PROVIDED DATA

▼

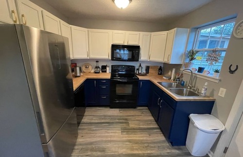 Shotgun style home features 3 bedrooms, sitting area, bathroom, laundry, and eat in kitchen. Entire home is newly remodeled. Deck has patio furniture for outdoor dining and a fire pit. Yard is not completely fenced so dogs will need to be leashed but not tethered. There is a security camera on the front and back porch. Steps are required to enter the home but once inside, it is all 1 level.
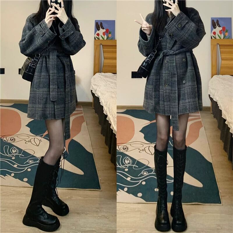 スタイルレトロコントラストカラーチェック柄ウールコート女性の春と秋 2023 新しいミッドレングスルーズオールマッチウールコート スプリング 春物 オータム 秋物 0921955626181750
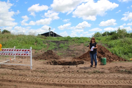 La secretaria de Obras Públicas recorrió tareas del cruce bajo vías de cañería de descarga de la estación elevadora que está ubicada en la zona norte de la ciudad.

▲

PROBLEM
Word for word, print all of the data; skip the pictures.

RESULT OF THIS TASK
 Shotgun style home features 3 bedrooms, sitting area, bathroom, laundry, and eat in kitchen. Entire home is newly remodeled. Deck has patio furniture for outdoor dining and a fire pit. Yard is not completely fenced so dogs will need to be leashed but not tethered. There is a security camera on the front and back porch. Steps are required to enter the home but once inside, it is all 1 level.
 スタイルレトロコントラストカラーチェック柄ウールコート女性の春と秋 2023 新しいミッドレングスルーズオールマッチウールコート スプリング 春物 オータム 秋物 0921955626181750
 La secretaria de Obras Públicas recorrió tareas del cruce bajo vías de cañería de descarga de la estación elevadora que está ubicada en la zona norte de la ciudad.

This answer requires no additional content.